Let’s take a look further at some metrics provided by www.PlayerProfiler.com.
While not having the agility numbers, the breakout age score of 73rd percentile jumps out here the most. As a sophomore Williams ran for 900 yards on 150 attempts and four touchdowns. While he wasn’t dominant, he performed well at an early age of 19 years old. His college yards per carry were 5.6, which was higher than T.J Yeldon’s ypc, who is a similar size-and-speed running back as Williams.
Although metrics are very useful pieces of information, my favorite is watching the play on the field. For prospects, we watch film and do our best to identify skill sets that will translate to the NFL game. We want to see an ability to make smart decisions, but also instincts. Ideally, we want to see as many plays as possible in as many different situations as possible. For the most part, we look for an ability to gain yards: plain and simple.

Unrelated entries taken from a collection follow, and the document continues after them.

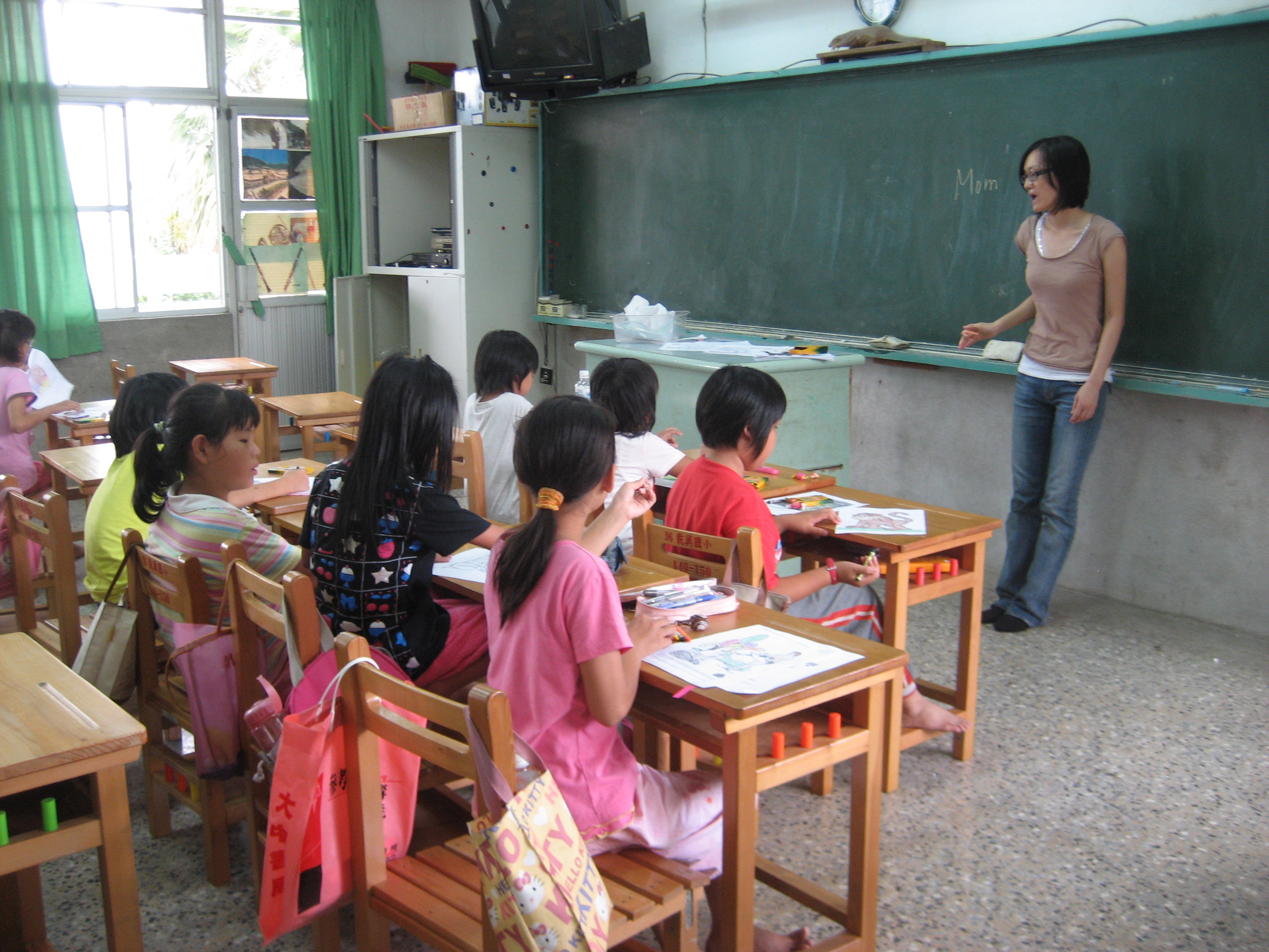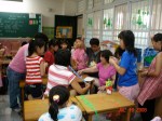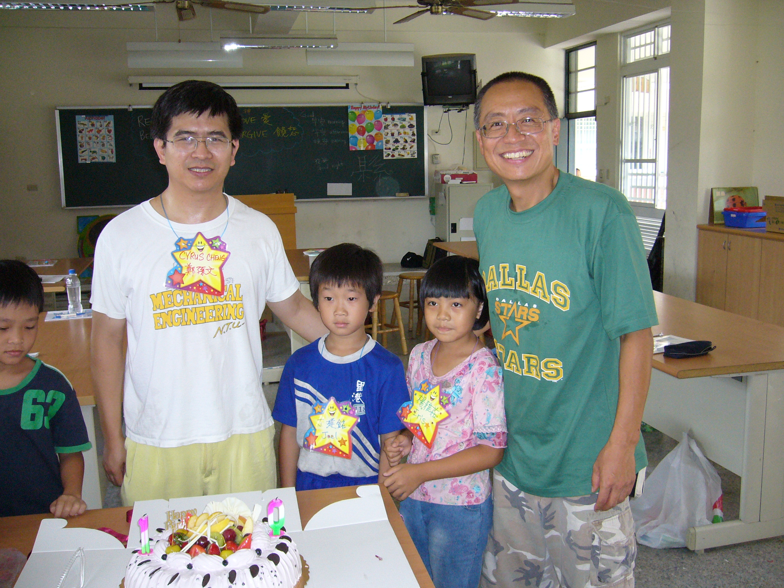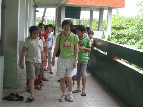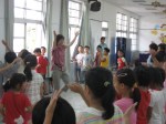 我被編到載興小學教四年級,美霖教一、二年級,燕翎教三年級,重輝教五年級。他們三人已先返臺,雖然從電子郵件略知一些,卻都是在抵達里港後才知道怎麼一回事,但是他們都欣然接受。每天早上我們四人分別教美國村的英文營和聖經教材,在中午孩童休息時才開會商討下午少年樂園的遊戲。感謝神,安排重輝及美霖的臨時配搭,帶出絕妙無比的户外活動,讓孩子們和我都享受到快樂的時光。最辛苦的是李偉珍傳道,她每天兩邊來回帶領敬拜和下午的詩歌教唱。在最後一天的敬拜裡,李偉珍傳道呼召時,竟有約60位載興國小學生舉手願意相信耶穌,近80%。在分班確認後,又有更多的學生要信耶穌,重輝教的較頑皮的高年級班竟全部信主。(另早先在玉田國小時已有80多位學生信主)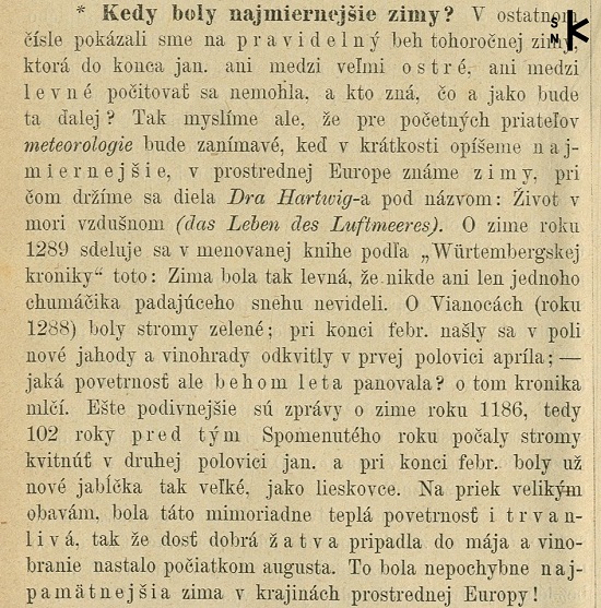 "Potom nastal alebo nenastal odmäk. Zdá sa teda, že naši predkovia zažívali kruté jesene, o akých sa nám ani nesnívalo.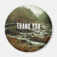 Um obrigado que você imprime com uma fotografia da natureza. Paisagem magnífica e bonita. Uma ponte de pedra isolada ao lado de um rio vivo com uma floresta e montanhas ao redor da área.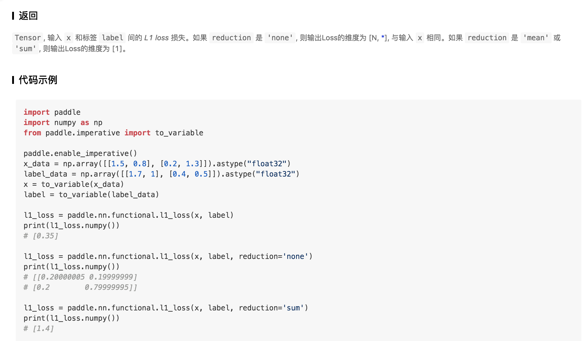 Update the docs of L1Loss, add nn.functional directory, test=develop !2343

The difficulty in that simplicity is whether the methods and means to gain those yards will result in production at the next level. For running backs, this goal can be achieved in many ways, some of the specific skill sets I look for involve balance through contact and vision. I want to see not only does a running back see the play before it develops, but if he has the burst and power to explode through the hole. I also look for a running back’s ability to maintain balance with defenders diving at their legs or continue their burst when faced with contact on their upper body. I often refer to dirty holes, where the offensive line has created a seam, but not a perfectly clear path. Let’s take a look at how Jonathan Williams does as a runner.

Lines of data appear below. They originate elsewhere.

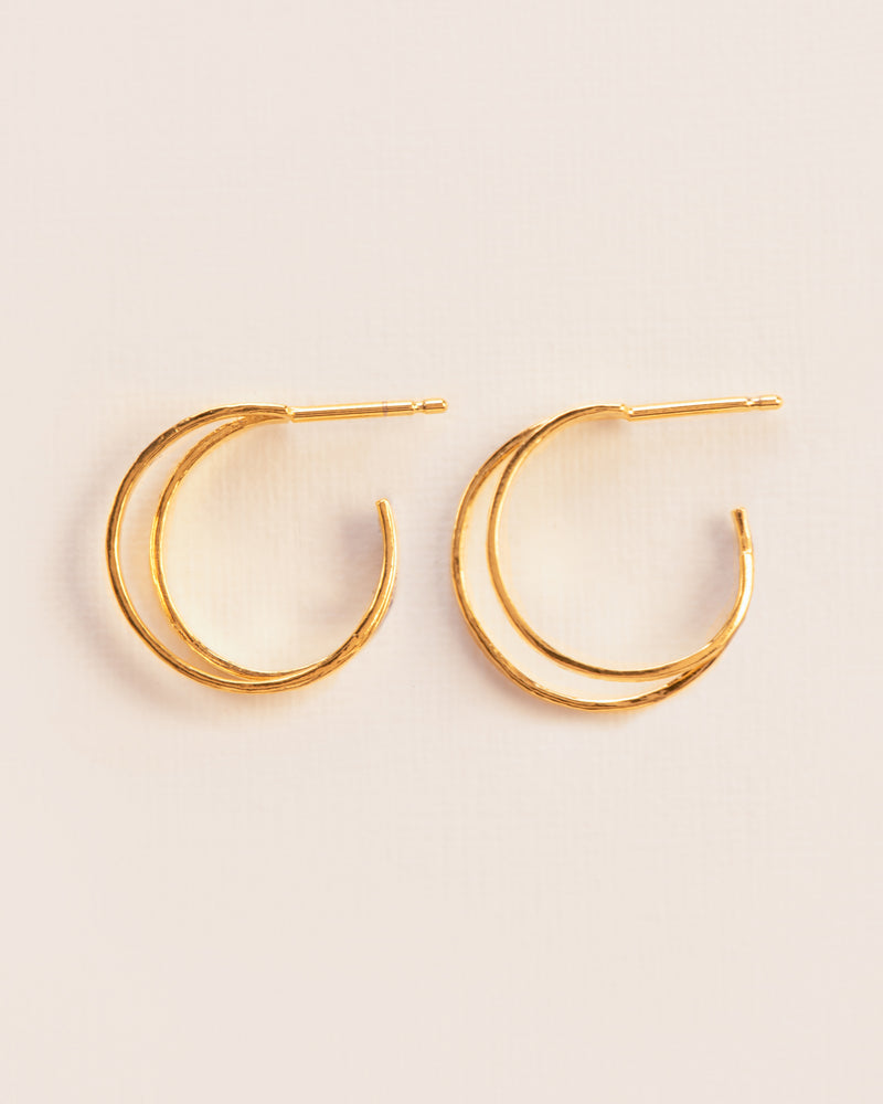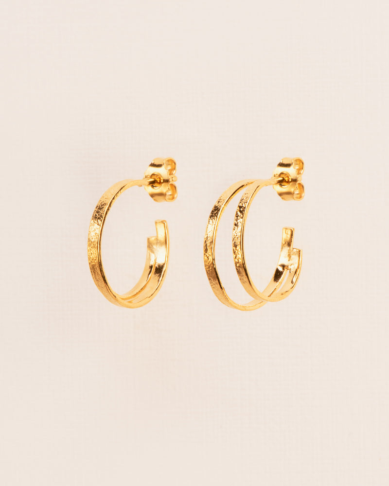 These hoop earrings with a doubled hoop are a contemporary twist on a timeless classic. The hoops are hammered by hand in our Antwerp atelier. This traditional technique is loud, but the result is subtle in its simplicity. Exposing the intrinsic beauty of the material, 'Les Eternelles' are treasures to have and to hold forever.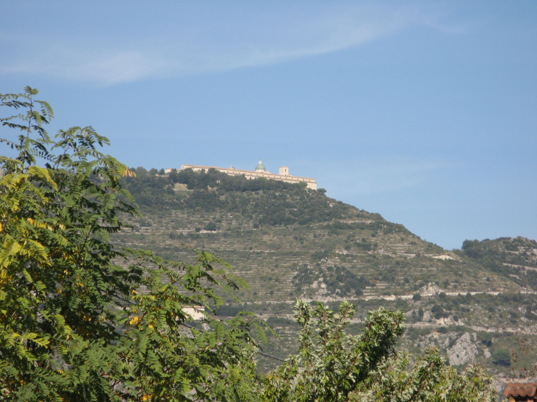 Approaching the Abbey of Montecassino, notice the switchbacking road.
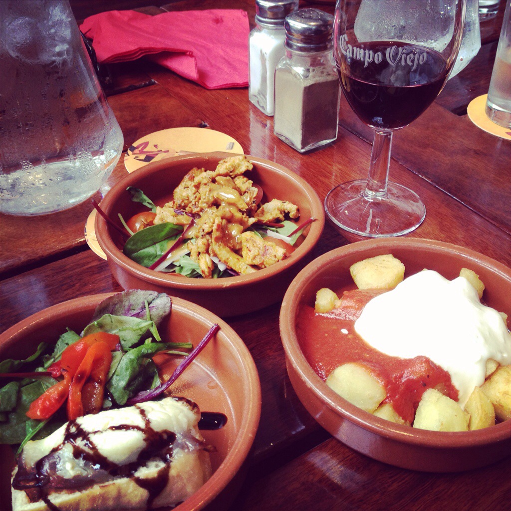 Well, no chance of us going hungry here. Piri Piri Chicken Salad, Patatas Bravas and to-die-for Goats Cheese Crostini. Oh, and another glass of Campo Viejo Reserva. Woo and indeed, hoo!

As with any player evaluation, I love to watch the film and see if the play on the field matches the production. Williams rushed for 145 yards on 22 attempts, including four rushing touchdowns against Texas Tech in 2014. This game showed a lot of different dynamics to his game. Throughout the game, he was lined up in shotgun, I-formation, and single-back. These formations showed that he can run and pass protect in multiple alignments which is promising for his next challenge in the NFL. In this Draft Breakdown video, in the first quarter with 8:42 on the clock, facing a 2nd and 3 from the six yard line, Williams lined up in the I-formation as the tailback with a fullback in front of him. As the play unfolds, he takes the sweep wide, however cuts inside the edge that gets set by the defense. Often, college running backs do not trust their blocking and try to use their burst to get around the edge. This is okay at the college level; however at the NFL level the edge defender is much quicker to protect the edge. Williams cuts up field into the defense, even with a defensive back coming up to fill the hole. He then uses his ability to power through contact and reaches the end zone for a touchdown. This one play shows us many different traits of an NFL running back; traditional formation and play, with vision and trust for his blockers, and physical contact with power to gain yards and in this case get in the end zone.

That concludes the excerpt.